Correction to: Immunological features of patients affected by Barraquer-Simons syndrome

Fernando Corvillo 1,2,, Giovanni Ceccarini 3, Pilar Nozal 1,2,4, Silvia Magno 3, Caterina Pelosini 3, Sofía Garrido 1,2,4, Alberto López-Lera 1,2, Manuela Moraru 5, Carlos Vilches 5, Silvia Fornaciari 6, Sabrina Gabbriellini 6, Ferruccio Santini 3, David Araújo-Vilar 7, Margarita López-Trascasa 1,8
PMCID: PMC7106744  PMID: 32228621

Correction to: Orphanet J Rare Dis

https://doi.org/10.1186/s13023-019-1292-1

Following the publication of the original article [1], the authors requested to amend the Abstract and Discussion section as follows:

Abstract

“The HLA allele DRB1*11 was present in 54% of BSS patients, and the majority of them (31%) were positive for *11:03 (vs 1.3% in the general population)”

has been amended to read:

“The HLA allele DRB1*11 was present in 54% of BSS patients, and the majority of them (31%) were positive for *11:03 (vs 1.3% allelic frequency in the general population)”.

Discussion

“Although no HLA allele was shared by the majority of our patients, interestingly, the allele DRB1*11:03 were overrepresented in our cohort (31% vs 1.3% in the general population)”

has been amended to read:

“Although no HLA allele was shared by the majority of our patients, interestingly, the allele DRB1*11:03 were overrepresented in our cohort (31% carrier frequency vs 1.3% allelic frequency in the general population)”.

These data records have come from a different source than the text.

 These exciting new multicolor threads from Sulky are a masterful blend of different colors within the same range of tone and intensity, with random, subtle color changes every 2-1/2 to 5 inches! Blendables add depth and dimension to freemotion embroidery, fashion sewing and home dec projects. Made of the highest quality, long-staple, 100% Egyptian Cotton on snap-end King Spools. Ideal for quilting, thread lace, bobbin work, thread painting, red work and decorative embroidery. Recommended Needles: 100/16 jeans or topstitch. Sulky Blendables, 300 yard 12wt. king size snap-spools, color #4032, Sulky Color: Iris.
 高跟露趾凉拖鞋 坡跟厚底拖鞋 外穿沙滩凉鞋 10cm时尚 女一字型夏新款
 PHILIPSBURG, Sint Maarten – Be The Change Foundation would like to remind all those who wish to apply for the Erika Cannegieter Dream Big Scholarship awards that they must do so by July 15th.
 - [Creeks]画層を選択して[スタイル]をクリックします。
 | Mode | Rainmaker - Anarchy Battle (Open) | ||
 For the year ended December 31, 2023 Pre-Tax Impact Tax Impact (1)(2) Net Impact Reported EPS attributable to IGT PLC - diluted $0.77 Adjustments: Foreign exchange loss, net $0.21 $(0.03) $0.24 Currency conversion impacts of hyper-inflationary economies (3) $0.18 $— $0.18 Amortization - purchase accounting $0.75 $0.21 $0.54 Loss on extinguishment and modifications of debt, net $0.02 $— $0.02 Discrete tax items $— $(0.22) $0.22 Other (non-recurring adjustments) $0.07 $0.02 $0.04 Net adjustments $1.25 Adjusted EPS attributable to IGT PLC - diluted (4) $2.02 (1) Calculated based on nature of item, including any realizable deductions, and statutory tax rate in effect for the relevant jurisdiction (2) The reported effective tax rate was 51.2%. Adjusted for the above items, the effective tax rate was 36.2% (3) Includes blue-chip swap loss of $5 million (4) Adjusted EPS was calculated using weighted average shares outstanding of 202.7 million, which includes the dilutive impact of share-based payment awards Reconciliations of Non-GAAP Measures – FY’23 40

The correction was deemed necessary to prevent possible misinterpretation of data deriving from the bibliography used. The original article has also been updated as above.

Reference

  • 1.Corvillo, et al. Immunological features of patients affected by Barraquer-Simons syndrome. Orphanet J Rare Dis. 2020;15:9. doi: 10.1186/s13023-019-1292-1. [DOI] [PMC free article] [PubMed] [Google Scholar]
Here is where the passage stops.